| DATA SECTION |
· · · · · · ·
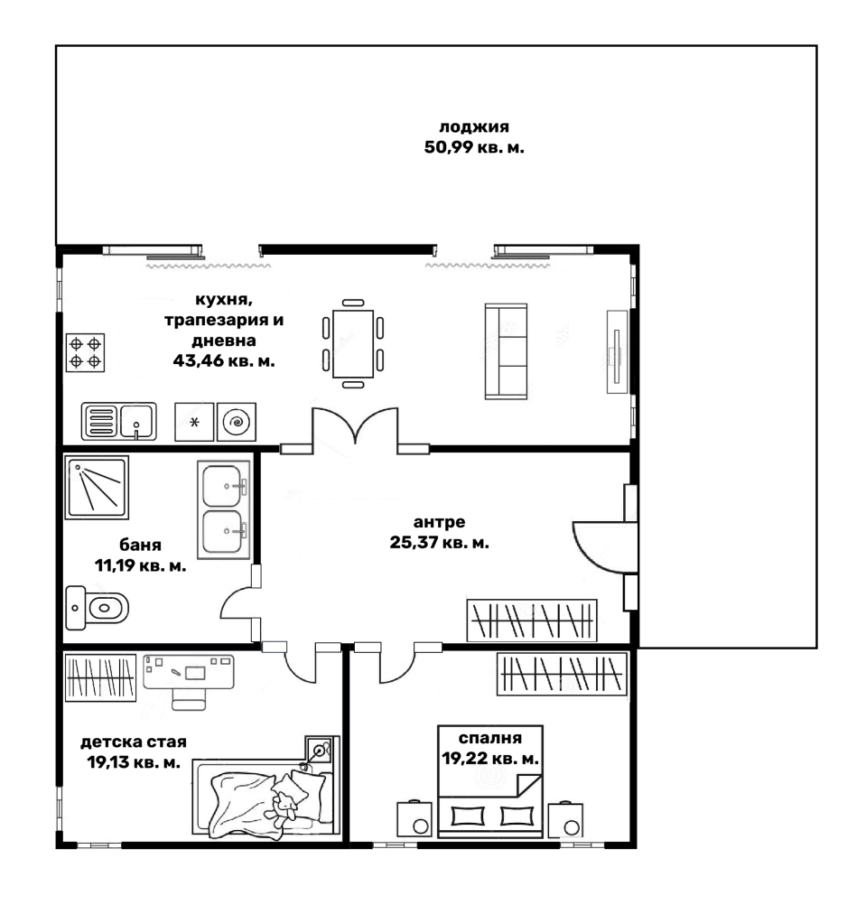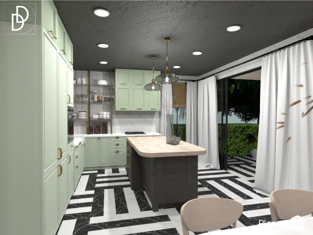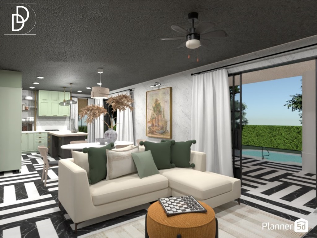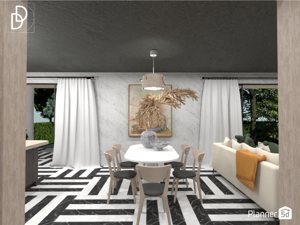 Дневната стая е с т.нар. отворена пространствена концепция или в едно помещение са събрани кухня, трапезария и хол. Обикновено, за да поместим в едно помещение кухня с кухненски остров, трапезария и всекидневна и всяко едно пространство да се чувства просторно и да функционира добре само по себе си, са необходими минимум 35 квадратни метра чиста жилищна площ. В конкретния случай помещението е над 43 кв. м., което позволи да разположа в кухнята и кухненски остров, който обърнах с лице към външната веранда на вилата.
· · · · · · ·
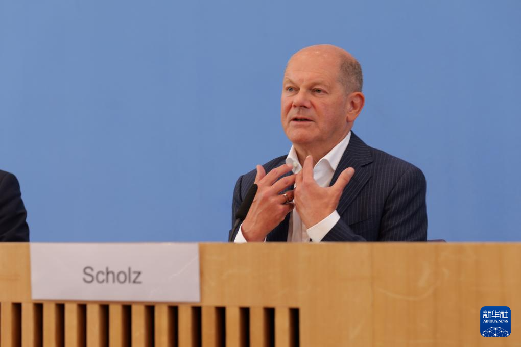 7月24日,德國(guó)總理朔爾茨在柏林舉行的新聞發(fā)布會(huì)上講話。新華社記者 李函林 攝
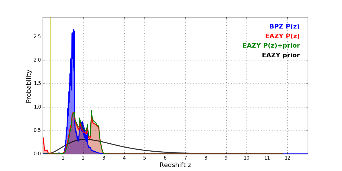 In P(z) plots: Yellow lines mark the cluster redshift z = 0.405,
· · · · · · ·
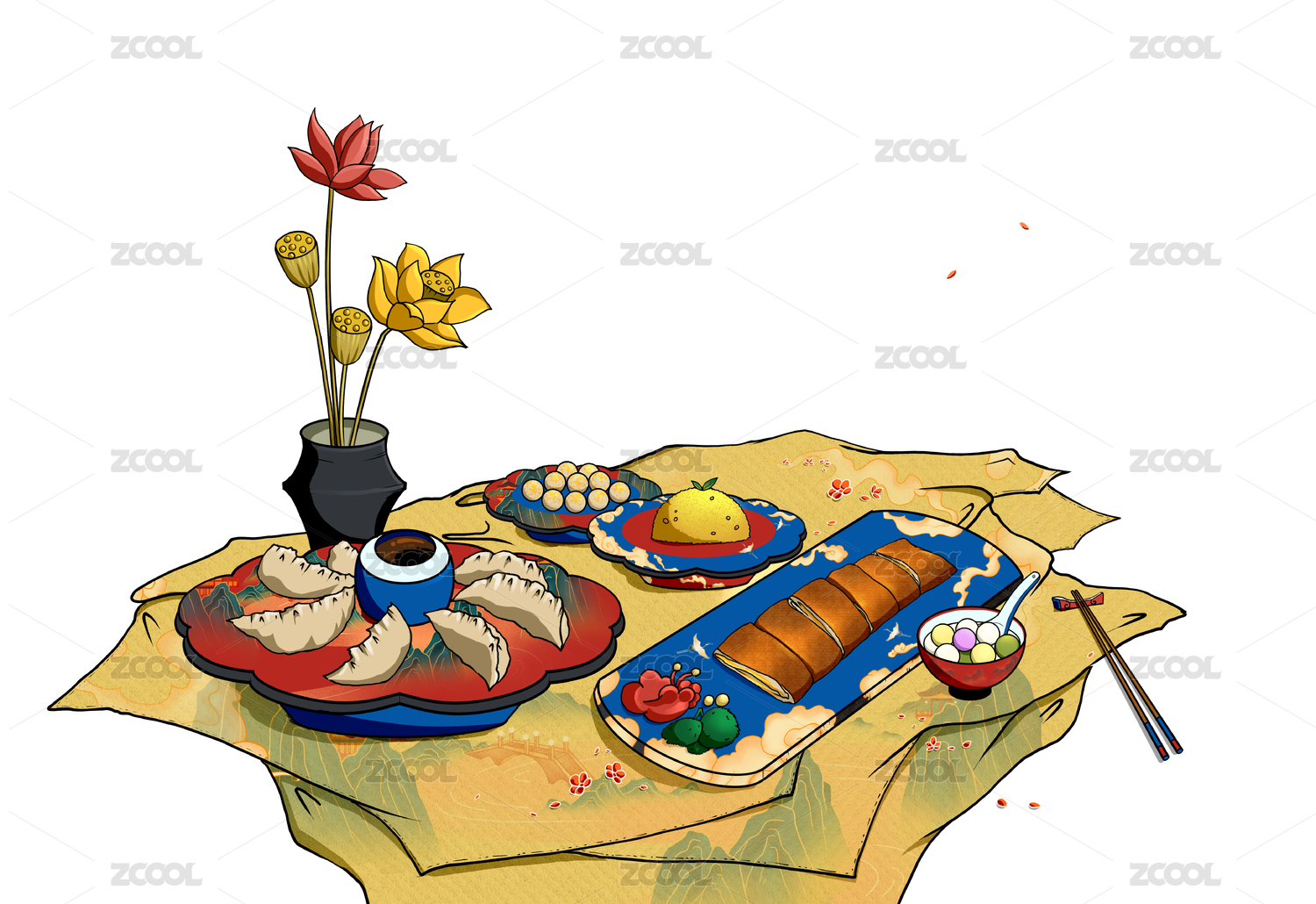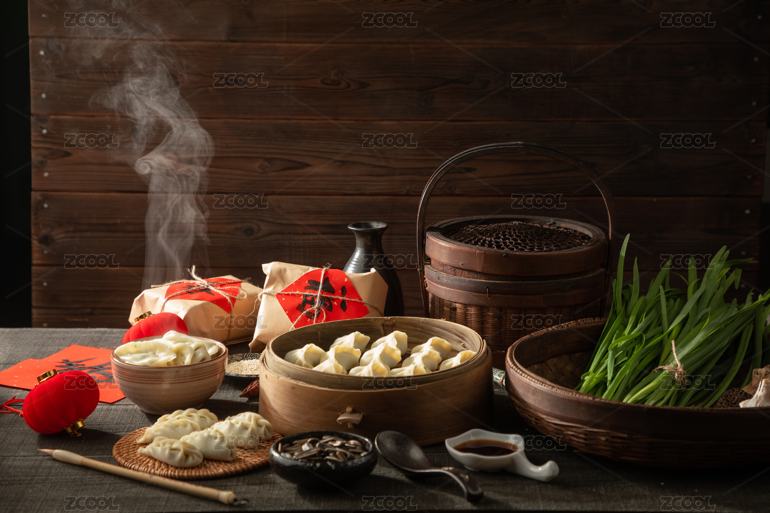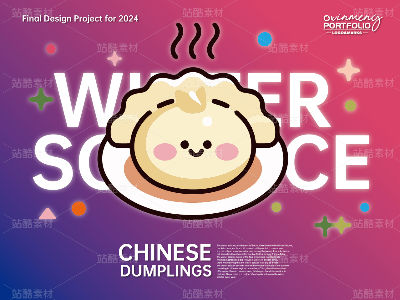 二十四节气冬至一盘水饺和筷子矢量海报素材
· · · · · · ·
Set down again, word for word, every line from the one with "7月24日,德國(guó)總理朔爾茨在柏林舉行的新聞發(fā)布會(huì)上講話。新華社記者 李函林 攝" to the one with "In P(z) plots: Yellow" in the entries above, and omit the pictures.

| OUTPUT BELOW |
 7月24日,德國(guó)總理朔爾茨在柏林舉行的新聞發(fā)布會(huì)上講話。新華社記者 李函林 攝
 In P(z) plots: Yellow lines mark the cluster redshift z = 0.405,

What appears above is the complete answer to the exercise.